» **ASSIGNMENT**
Nothing but the lines below from the one with "祝贺白鹏飞在西安薄珈梵歌五星级场馆荣获国家体育总局健身瑜伽四段段位" through the one with "8、卡片已经按战斗力为我们排好了顺序,只需要点击第一张即可。" should be output, each exactly as given, and no pictures.

» **LISTED RECORDS**

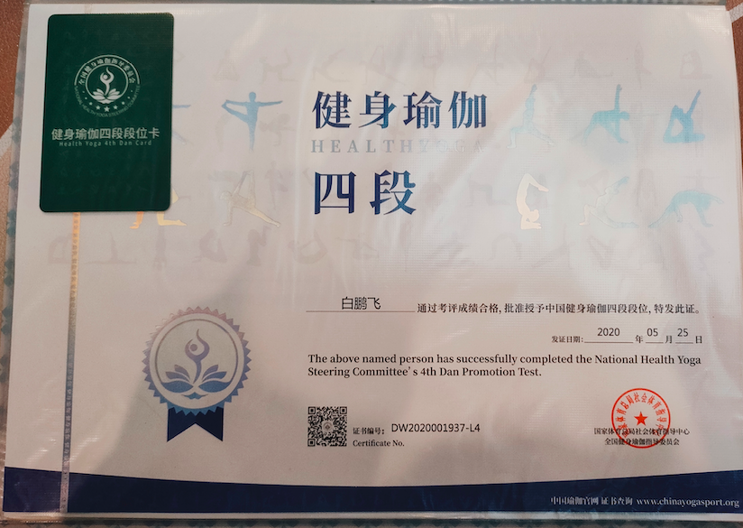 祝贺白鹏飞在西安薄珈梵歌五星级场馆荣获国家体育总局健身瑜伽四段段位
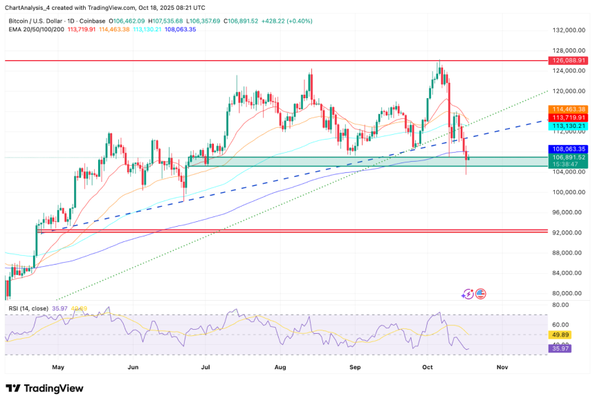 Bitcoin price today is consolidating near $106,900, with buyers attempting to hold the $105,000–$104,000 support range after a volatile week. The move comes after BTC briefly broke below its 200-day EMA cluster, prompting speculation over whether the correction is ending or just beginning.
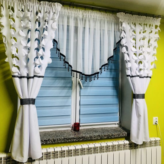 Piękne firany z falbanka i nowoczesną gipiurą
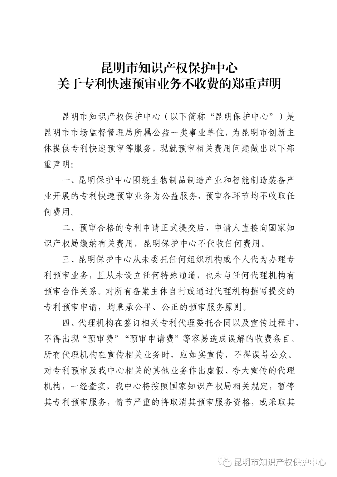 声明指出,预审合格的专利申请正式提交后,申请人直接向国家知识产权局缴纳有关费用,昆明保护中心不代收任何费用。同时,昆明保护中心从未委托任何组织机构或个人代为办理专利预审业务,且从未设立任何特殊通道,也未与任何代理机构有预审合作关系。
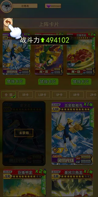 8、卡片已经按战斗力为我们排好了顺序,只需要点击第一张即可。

* * *

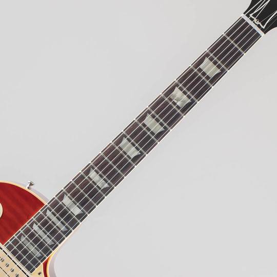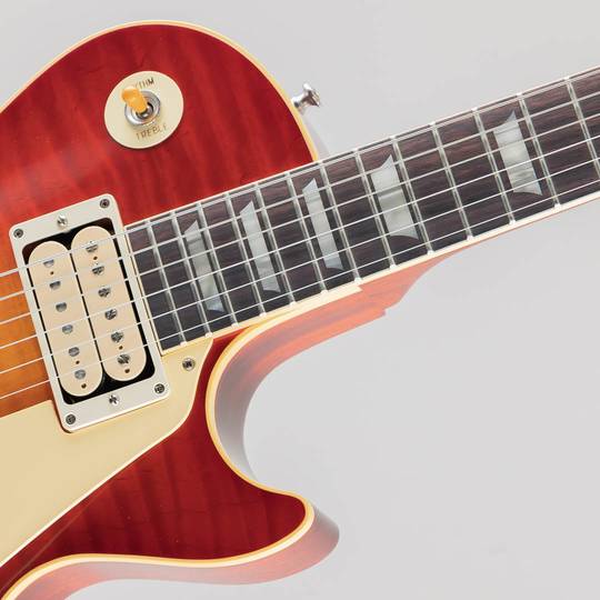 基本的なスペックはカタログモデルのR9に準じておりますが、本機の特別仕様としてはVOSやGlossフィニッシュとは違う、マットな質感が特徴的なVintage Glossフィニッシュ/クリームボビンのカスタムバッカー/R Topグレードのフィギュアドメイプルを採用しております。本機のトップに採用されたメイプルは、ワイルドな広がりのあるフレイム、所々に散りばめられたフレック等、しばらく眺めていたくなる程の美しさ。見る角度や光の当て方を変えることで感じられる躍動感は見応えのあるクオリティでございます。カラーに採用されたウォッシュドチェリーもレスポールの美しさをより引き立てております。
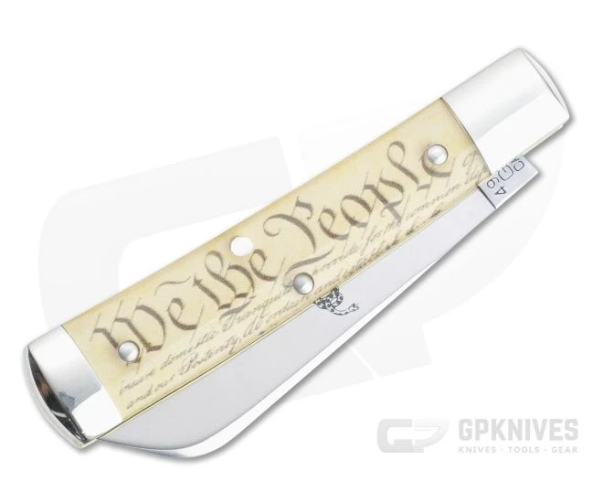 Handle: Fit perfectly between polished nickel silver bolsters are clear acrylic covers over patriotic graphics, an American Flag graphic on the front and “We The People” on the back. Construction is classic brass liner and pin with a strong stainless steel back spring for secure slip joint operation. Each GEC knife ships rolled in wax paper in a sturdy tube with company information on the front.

» **REPLY TO THE TASK**
 祝贺白鹏飞在西安薄珈梵歌五星级场馆荣获国家体育总局健身瑜伽四段段位
 Bitcoin price today is consolidating near $106,900, with buyers attempting to hold the $105,000–$104,000 support range after a volatile week. The move comes after BTC briefly broke below its 200-day EMA cluster, prompting speculation over whether the correction is ending or just beginning.
 Piękne firany z falbanka i nowoczesną gipiurą
 声明指出,预审合格的专利申请正式提交后,申请人直接向国家知识产权局缴纳有关费用,昆明保护中心不代收任何费用。同时,昆明保护中心从未委托任何组织机构或个人代为办理专利预审业务,且从未设立任何特殊通道,也未与任何代理机构有预审合作关系。
 8、卡片已经按战斗力为我们排好了顺序,只需要点击第一张即可。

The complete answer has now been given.